During the FGS, long-term, fixed-interest loans gained ground; however, after the phasing-out of the scheme, the ratio of these declined, and the MLS was unable to reverse this trend. Based on the experiences of the past years, the facilitation of lending in a healthier structure by the central bank may be implemented by returning to the FGS in a more targeted manner, since this scheme was able to exert favourable impact both on the volume and structure of lending. Therefore, at the beginning of 2019, the MNB will launch the ‘Funding for Growth Scheme Fix’ (FGS fix) only for investment purposes, with a total amount of HUF 1 000 billion. In terms of its most important parameters and its operation, the new scheme will be identical to the previous phases of the FGS. The ‘Funding for Growth Scheme Fix’ will provide 0% interest loans for credit institutions for a maximum of 10 years (the minimum lending period is 3 years). The financing can then go toward SMEs in the form of a loan or financial lease.
The MNB aims to improve access to financing for SMEs by also creating the Standardized Loan Application Interface. This measure influenced access to loans, increased the competition between banks, and contributed to a significant increase in SME investments.
EU funded loans also contributed substantially to SME financing. Outstanding loans disbursed by commercial banks, acting as intermediaries in the refundable funds, reached altogether nearly HUF 500 billion in the whole EU budget cycle. The programmes are running by the Hungarian Development Bank and provides zero interest rate loans or combined loans for SMEs for various purposes.
Besides new JEREMIE5 (Joint European Resources for Micro to Medium Enterprises), new funds have appeared on the venture capital market. Within the framework of the smart specialisation venture capital programme GINOP 8.1.3/B-17, seven new venture capital funds are created, supported by EU funds and private capital. The Programme is worth approximately HUF 75 billion. Each fund manager will be able to distribute around HUF 10 billion. The fundraising can be accessible in determined sectors: “Healthy society and wellbeing”, “ICT technologies and services”, “Agrarian innovations”, “Intelligent technologies and services”, “Developed vehicle and other machine technologies”, “Sustainable environment, clean, and renewable energies” sectors. The seven companies are allowed to allocate capital between HUF 200 million and HUF 1.5 billion per project.

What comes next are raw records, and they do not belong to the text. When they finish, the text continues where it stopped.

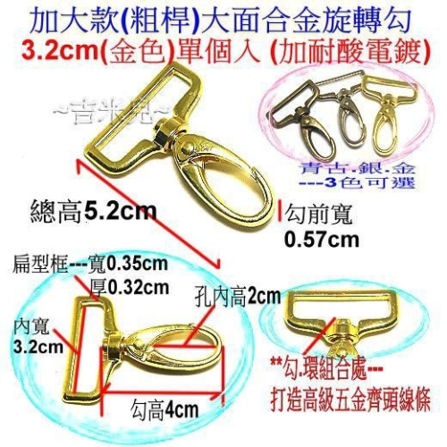 商品:3.2cm加大款(粗桿)大面合金旋轉勾=>售價:1個=35元 <環內寬3.2cm(適用織帶寬) / 勾內孔高:2cm / 勾總高度:5.2cm> 商品:3.8cm加大款(粗桿)大面合金旋轉勾=>售價:1個=40元 <環內寬3.8cm(適用織帶寬) / 勾內孔高:2cm / 勾總高度:5.35cm> 顏色:青古銅色.銀色.金色---3色可選 (金色 : 青銅+耐酸電鍍) 材質:鋅合金 <<高級五金工藝時尚>> 1. 勾.環組合處----打造高級五金齊頭線條. 2. 加大.加粗.扁長方造型 ~台灣製~ ***MIT 優質電鍍技術 不易剝落***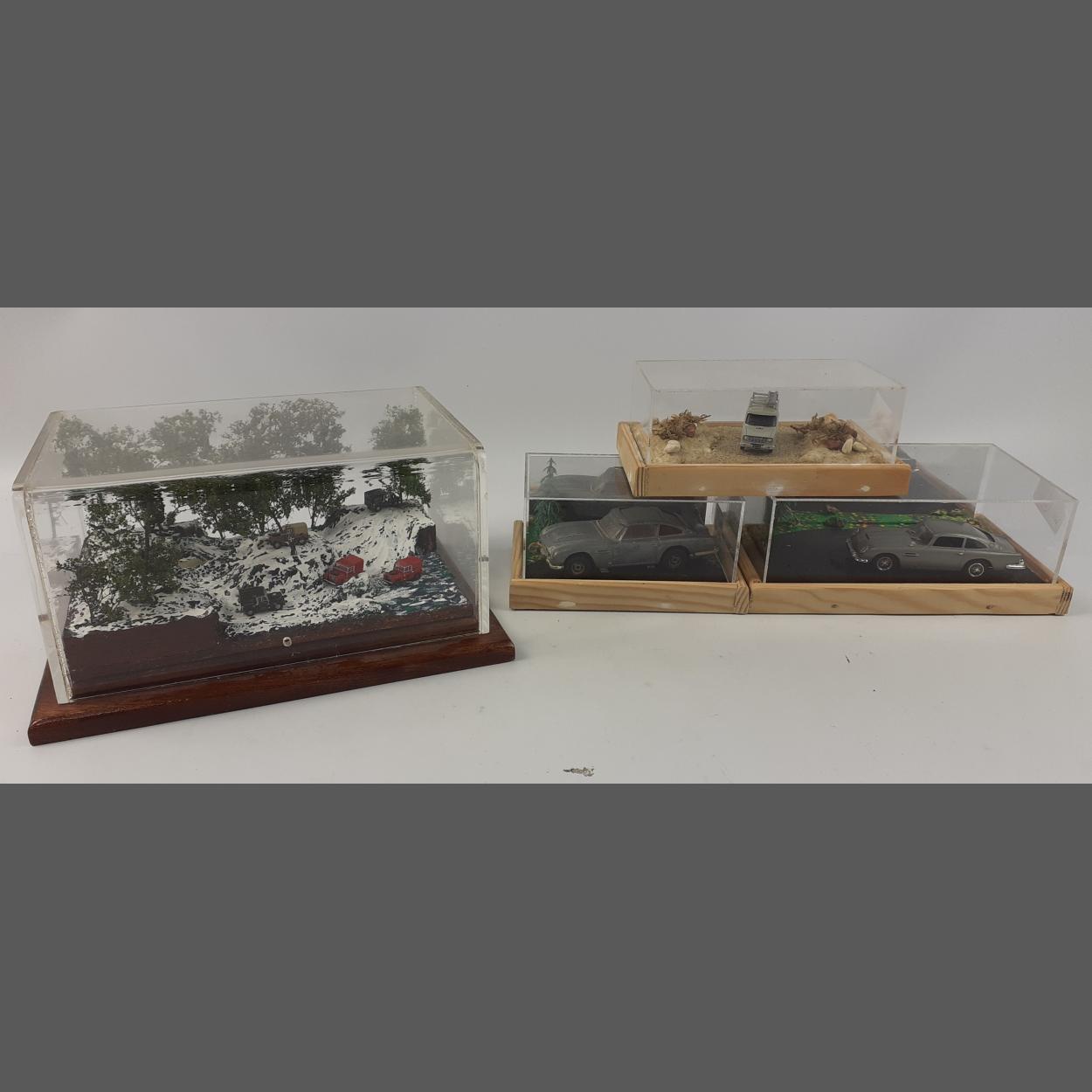 A collection of JAMES BOND Perspex boxed scenes from movies to include the DB5 etc - 4 models in total - these have been put together by the collector - dimension of largest scene (Landrover scene) 25cm x 19cm base x 13cm height approx
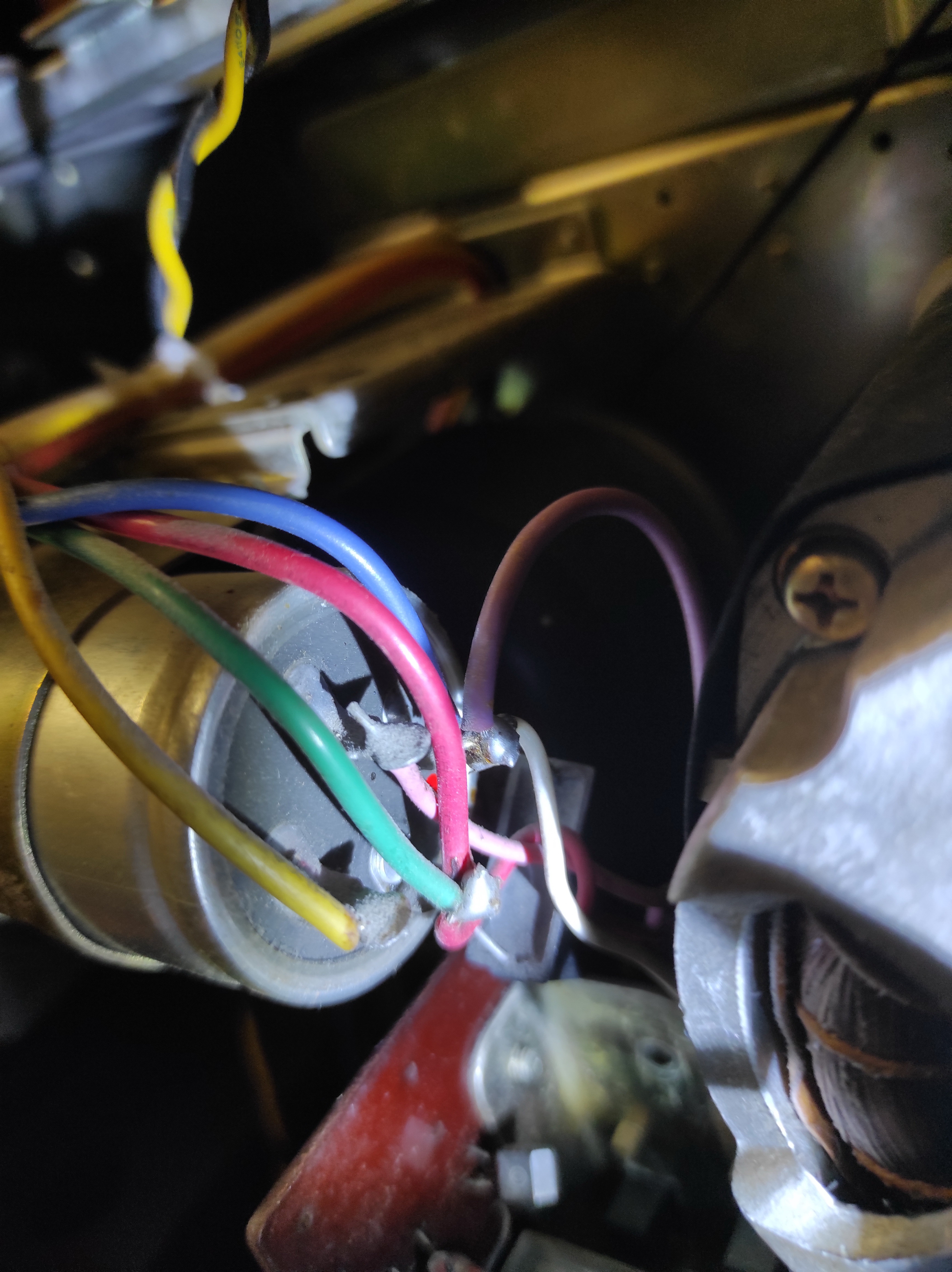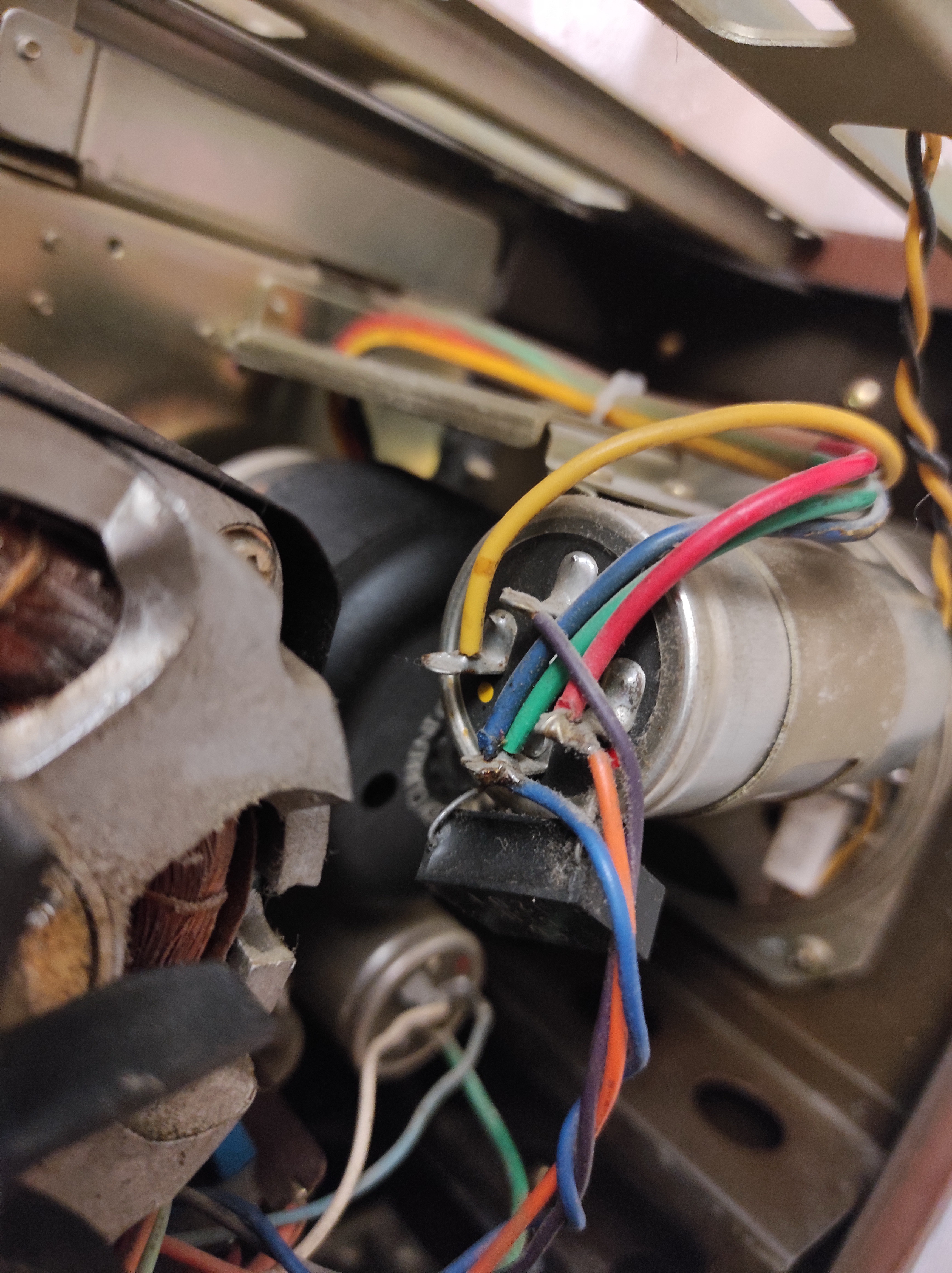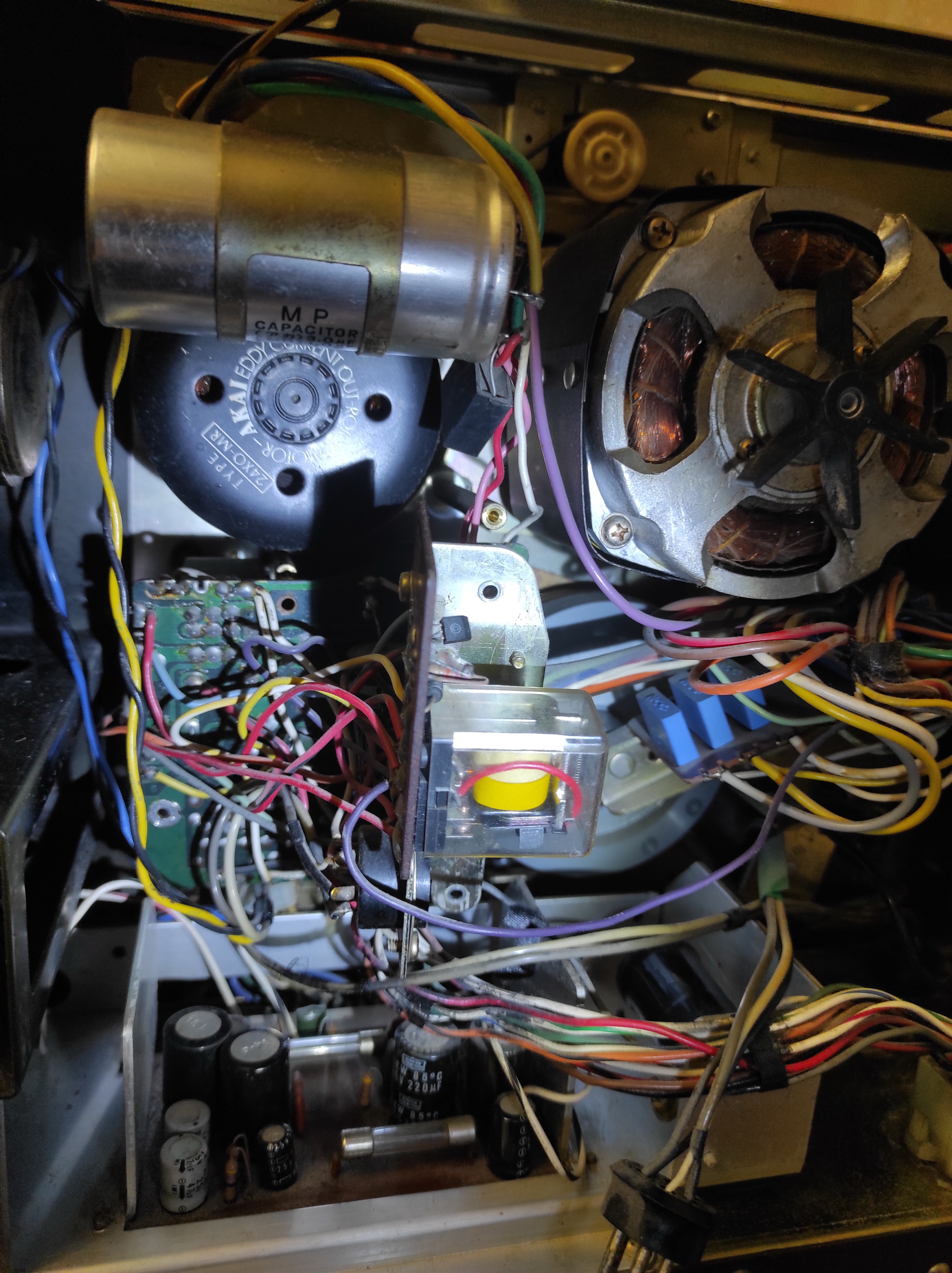 Замерял напряжение (мерял на больших конденсаторах, к которым идут провода от моторов, между жёлтым проводом и зеленым с розовым на принимающем двигателе и между жёлтым и синим с зелёным на подающем двигателе). Получилось так: в режиме воспроизведения 120 В на принимающем и 60 В на подающем, т.е. в 2 раза больше, чем указано в инструкции. И около 150 В в режиме перемотки.

From 2016 to 2018, the National Research, Development and Innovation Fund directed HUF 100 billion worth of funds from the Hungarian budget towards SMEs’ innovation activities. Several new types of sectoral policy programmes have been launched in recent years. The Government channelled HUF 9 billion into the Supplier Development Programme and HUF 28 billion into the Construction Sector Support Programme. SMEs received HUF 6 billion under the Irinyi Plan focusing on industrial development.
The proportion of guaranteed loans and the ratio of government-backed loan guarantees to GDP is at an exceptionally high level in Hungary, in comparison with other European countries. In 2018, 18% of SME bank loans were backed by subsidised guarantee scheme. In the past ten years, the two Hungarian guarantee institutions under partial state control have increased their guarantee stock by more than 60%.